**DATA EXCERPT:**
--

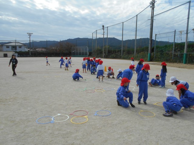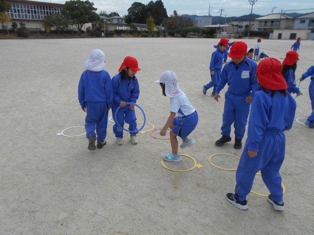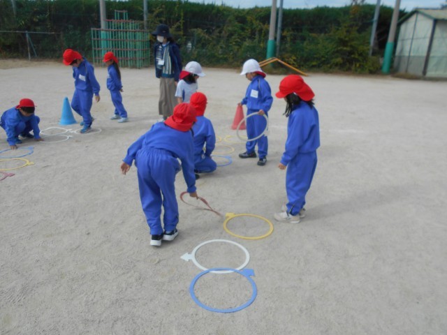 輪をどのように置くのか、グループで話し合って位置を決めています。試しては変え、お互いに折り合いをつけながら学習していました。熱心な姿が見られました。
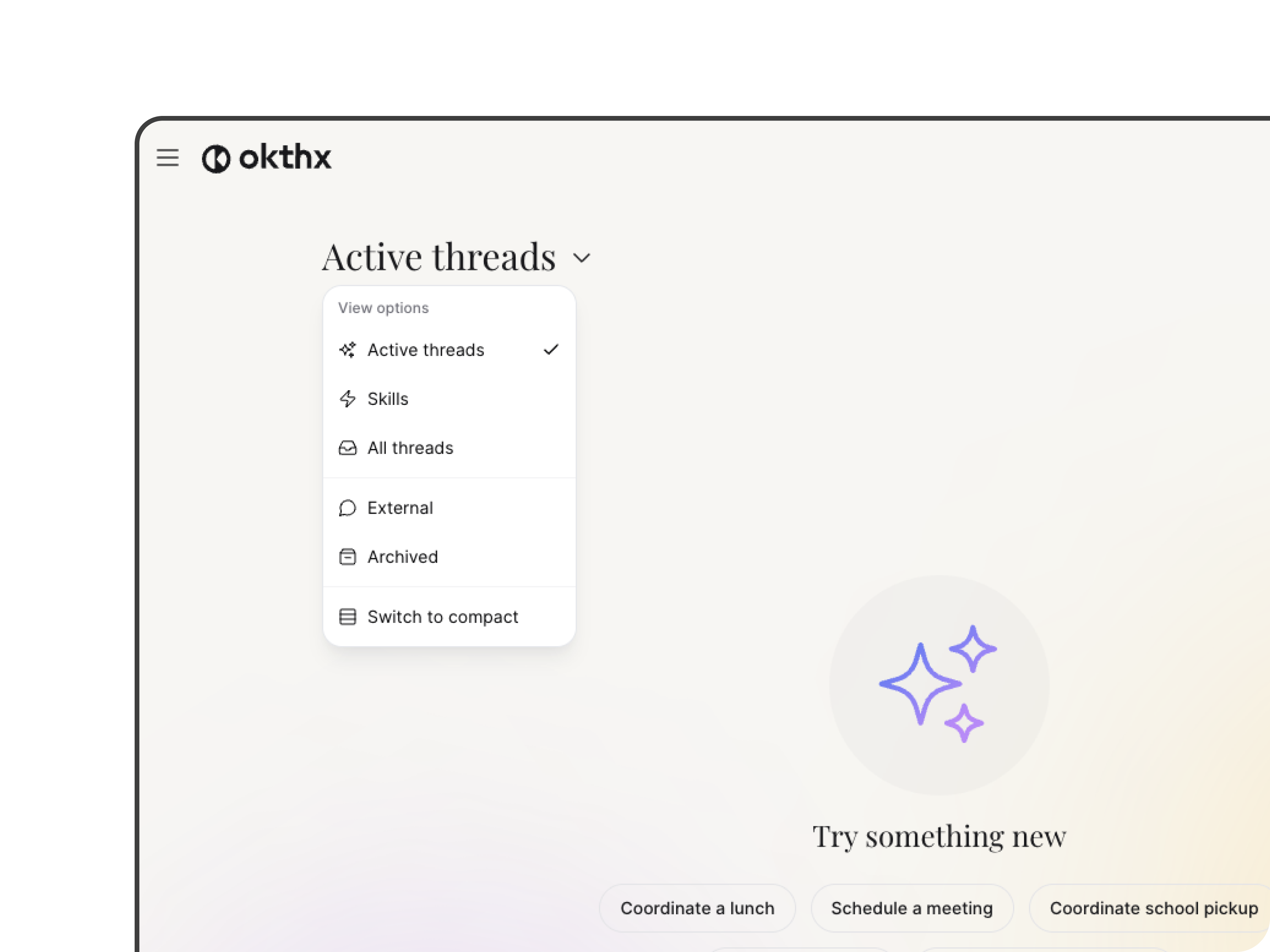 Okthx is getting closer to what we always imagined: an assistant that knows your preferences before you say them, handles the coordination while you focus on everything else, and just works.
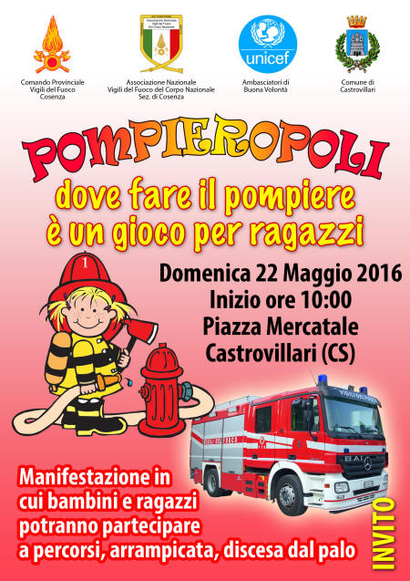 CASTROVILLARI/AREA MERCATALE: DOMENICA 22 MAGGIO " POMPIEROPOLI, DOVE FARE IL POMPIERE E' UN GIOCO PER RAGAZZI " |

--

**WHAT YOU SHOULD DO:** An exact transcription of the listing is required, and it must contain no pictures.

**YOUR RESPONSE:**
 輪をどのように置くのか、グループで話し合って位置を決めています。試しては変え、お互いに折り合いをつけながら学習していました。熱心な姿が見られました。
 Okthx is getting closer to what we always imagined: an assistant that knows your preferences before you say them, handles the coordination while you focus on everything else, and just works.
 CASTROVILLARI/AREA MERCATALE: DOMENICA 22 MAGGIO " POMPIEROPOLI, DOVE FARE IL POMPIERE E' UN GIOCO PER RAGAZZI " |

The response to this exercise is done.